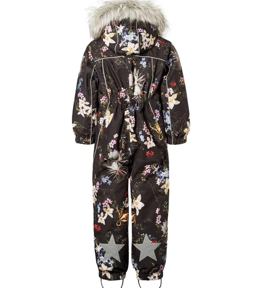 Smart Molo flyverdragt i sort med et smuk og farverigt alloverblomsterprint. Flyverdragten er udstyret med store stjernereflekser og reflekspipings.
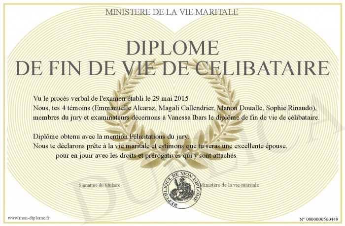 Envoyez par email votre Diplôme de fin de vie de célibataire personalisé
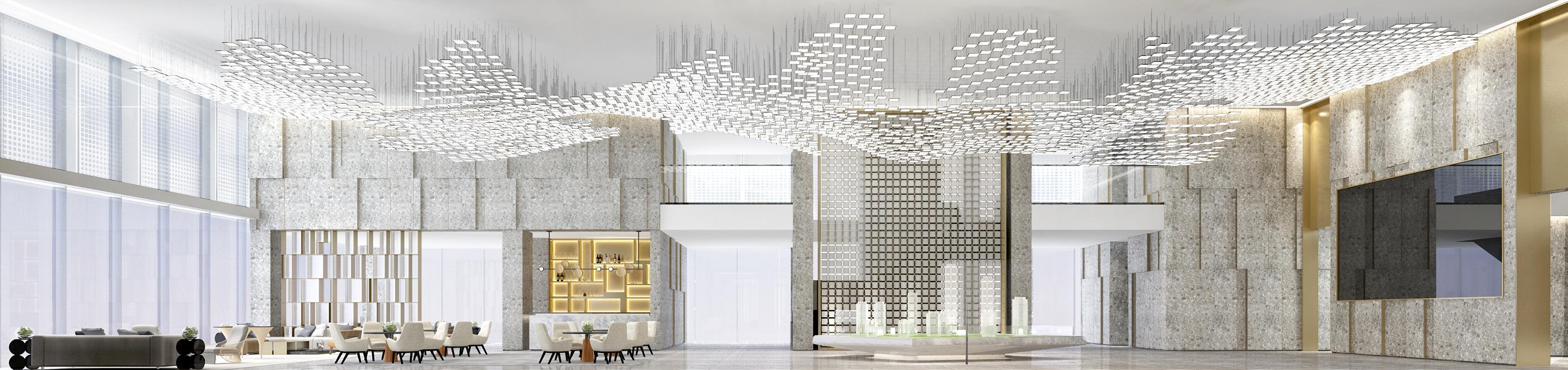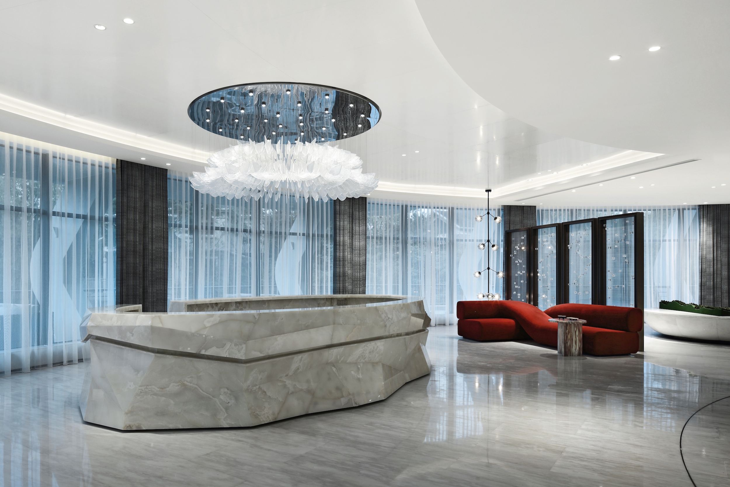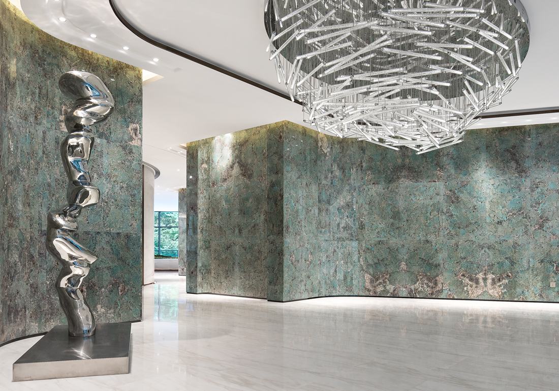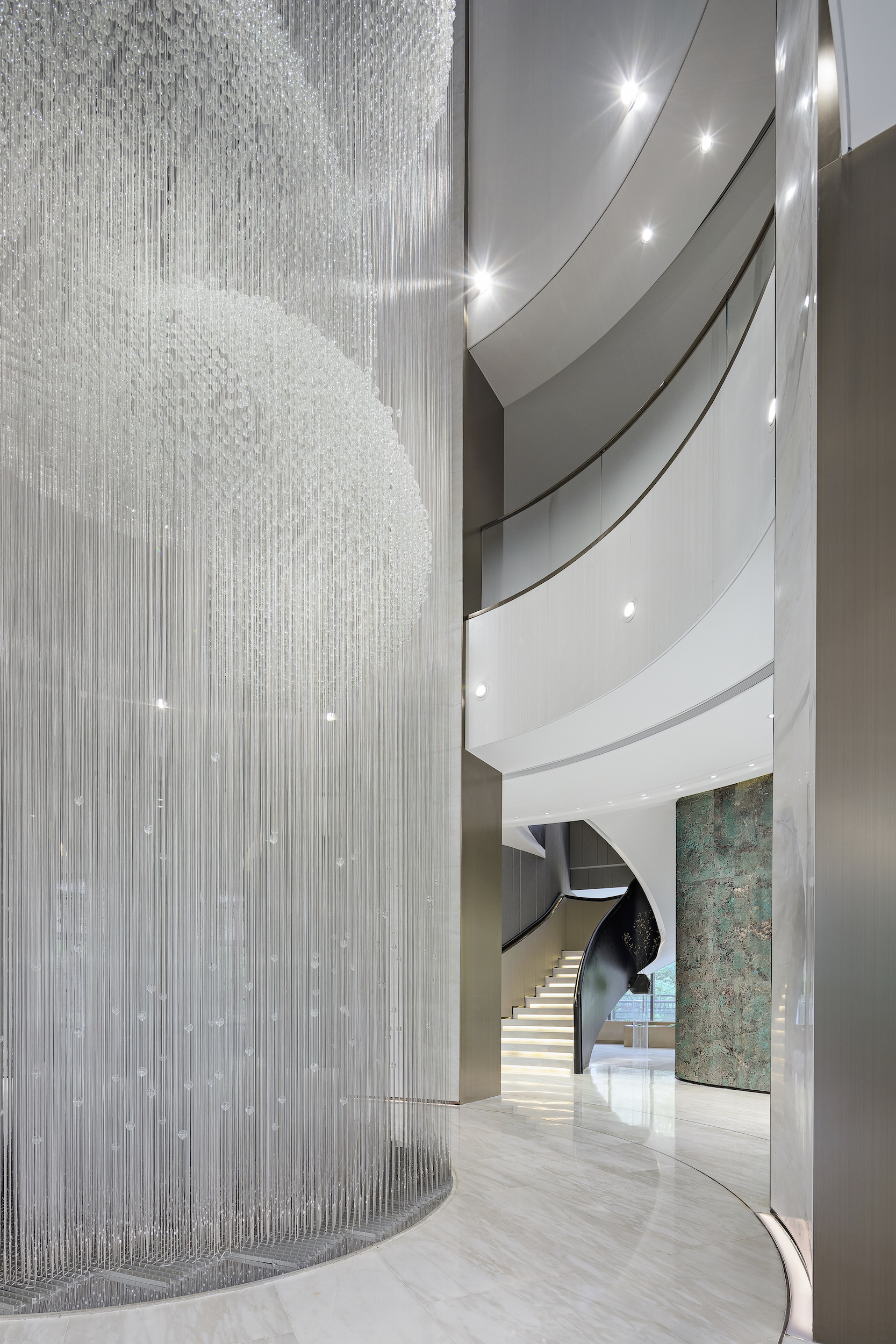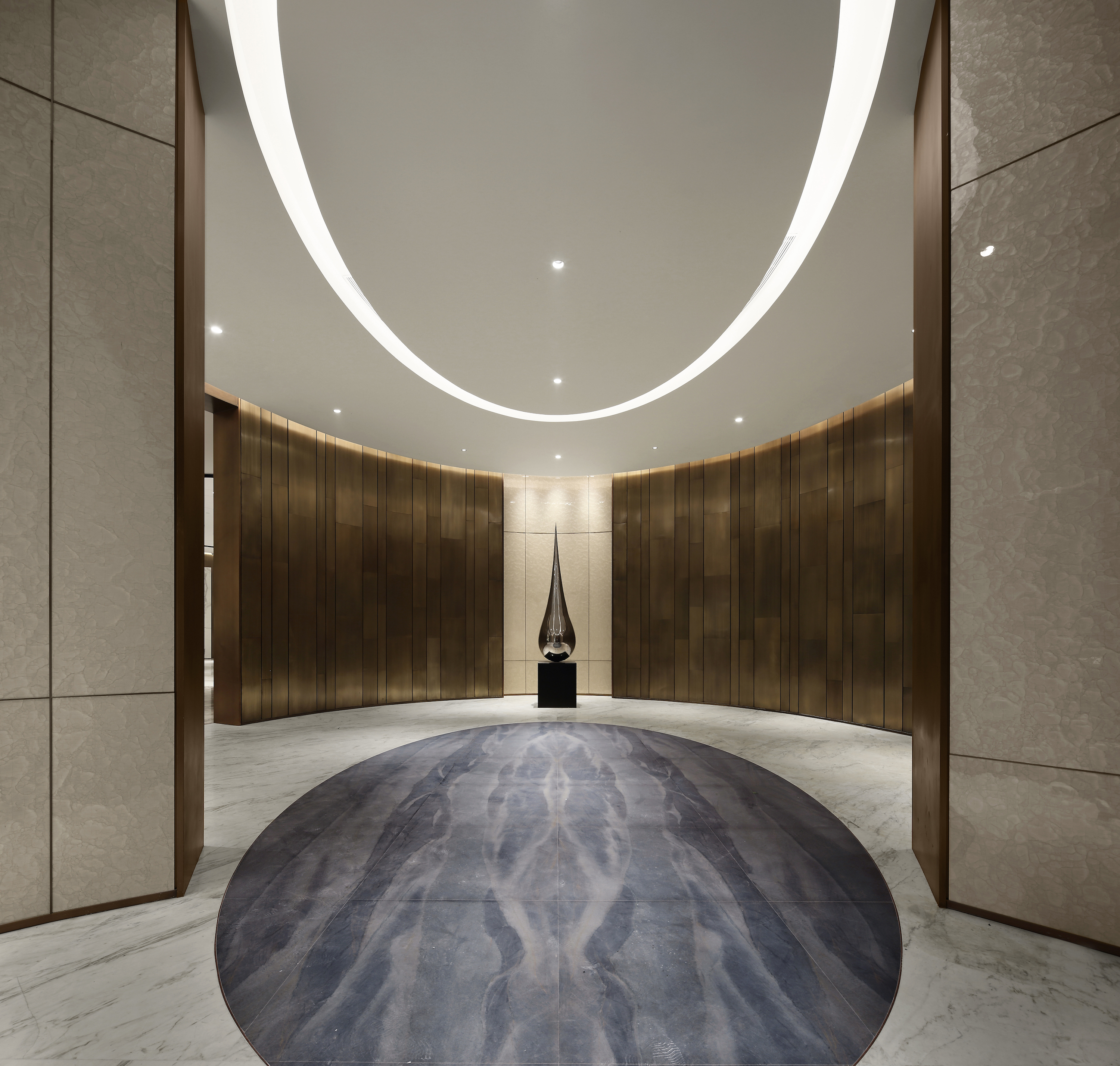 整體設計造型以浪潮為元素,用現(xiàn)代的手法表現(xiàn)出其獨特的剛毅與柔軟并揉,石材、金屬、玻璃在曲線下呈現(xiàn),將剛柔并濟完美詮釋,自然之形,現(xiàn)代勾勒。深入其中,目光不自覺會被環(huán)繞著旋轉樓梯的電梯所深深吸引,它更像是一個用銅元素打造的裝置藝術品。抬頭仰望,大型主題藝術吊飾”飄”,與地面水波紋石材的呼應,形似那卷云擁雪的潮頭,趣意盎然,一動一靜,引導人們漸入佳境。
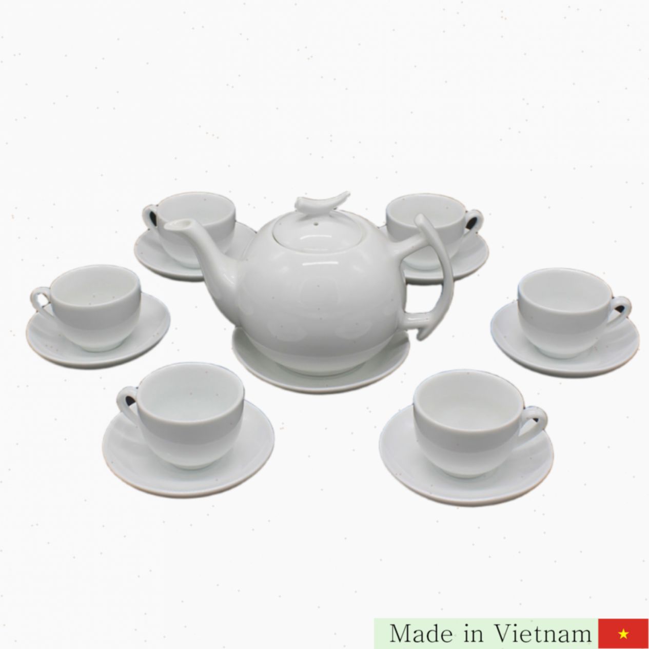 우리의 09번 로고 차 세트는 전통과 현대가 어우러진 바트짱(Bát Tràng) 도자기 제품입니다. 높이 11cm, 길이 20cm의 우아한 주전자와 4cm 높이에 5cm 지름의 찻잔 6개, 그리고 7개의 찻잔 받침으로 구성되어 있어 풍부한 구성과 실용성을 자랑합니다. 깔끔한 흰색 유약과 정교한 라인이 돋보이는 디자인으로, 어떤 공간에도 세련된 분위기를 더합니다.
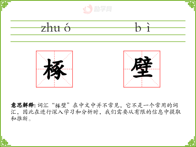 词汇“椓壁”在中文中并不常见,它不是一个常用的词汇,因此在进行深入学习和分析时,我们需要从有限的信息中提取和推断。
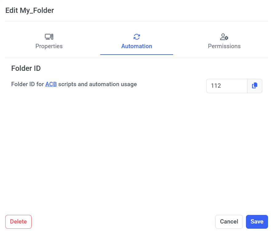 Similarly, the Folder ID of an existing folder can be viewed (and copied) while editing a folder, on the Automation tab (where the Folder ID is also required to use the ACB API, for getting and managing the folder's data).
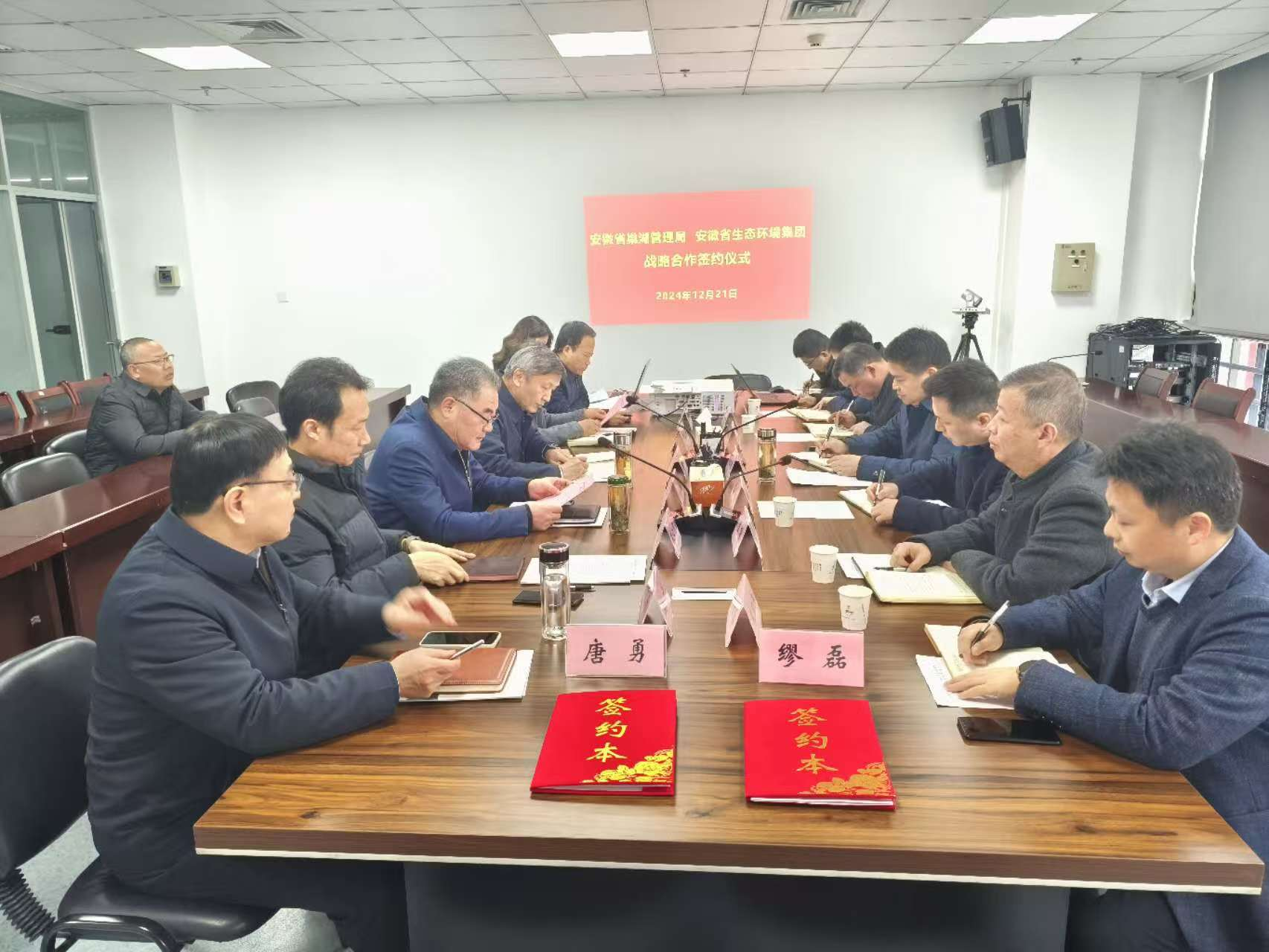 12月21日上午,省生态环境世界杯网址大全与安徽省巢湖管理局在合肥签订战略合作协议。省生态环境世界杯网址大全党委书记、董事长罗太忠,安徽省巢湖管理局党委书记、局长黄永宏出席并见证签约。

+ + + + +

▶ _WHAT YOU SHOULD DO_
With the pictures omitted, restate every entry above word for word.

▶ _YOUR RESPONSE_
 Smart Molo flyverdragt i sort med et smuk og farverigt alloverblomsterprint. Flyverdragten er udstyret med store stjernereflekser og reflekspipings.
 Envoyez par email votre Diplôme de fin de vie de célibataire personalisé
 整體設計造型以浪潮為元素,用現(xiàn)代的手法表現(xiàn)出其獨特的剛毅與柔軟并揉,石材、金屬、玻璃在曲線下呈現(xiàn),將剛柔并濟完美詮釋,自然之形,現(xiàn)代勾勒。深入其中,目光不自覺會被環(huán)繞著旋轉樓梯的電梯所深深吸引,它更像是一個用銅元素打造的裝置藝術品。抬頭仰望,大型主題藝術吊飾”飄”,與地面水波紋石材的呼應,形似那卷云擁雪的潮頭,趣意盎然,一動一靜,引導人們漸入佳境。
 우리의 09번 로고 차 세트는 전통과 현대가 어우러진 바트짱(Bát Tràng) 도자기 제품입니다. 높이 11cm, 길이 20cm의 우아한 주전자와 4cm 높이에 5cm 지름의 찻잔 6개, 그리고 7개의 찻잔 받침으로 구성되어 있어 풍부한 구성과 실용성을 자랑합니다. 깔끔한 흰색 유약과 정교한 라인이 돋보이는 디자인으로, 어떤 공간에도 세련된 분위기를 더합니다.
 词汇“椓壁”在中文中并不常见,它不是一个常用的词汇,因此在进行深入学习和分析时,我们需要从有限的信息中提取和推断。
 Similarly, the Folder ID of an existing folder can be viewed (and copied) while editing a folder, on the Automation tab (where the Folder ID is also required to use the ACB API, for getting and managing the folder's data).
 12月21日上午,省生态环境世界杯网址大全与安徽省巢湖管理局在合肥签订战略合作协议。省生态环境世界杯网址大全党委书记、董事长罗太忠,安徽省巢湖管理局党委书记、局长黄永宏出席并见证签约。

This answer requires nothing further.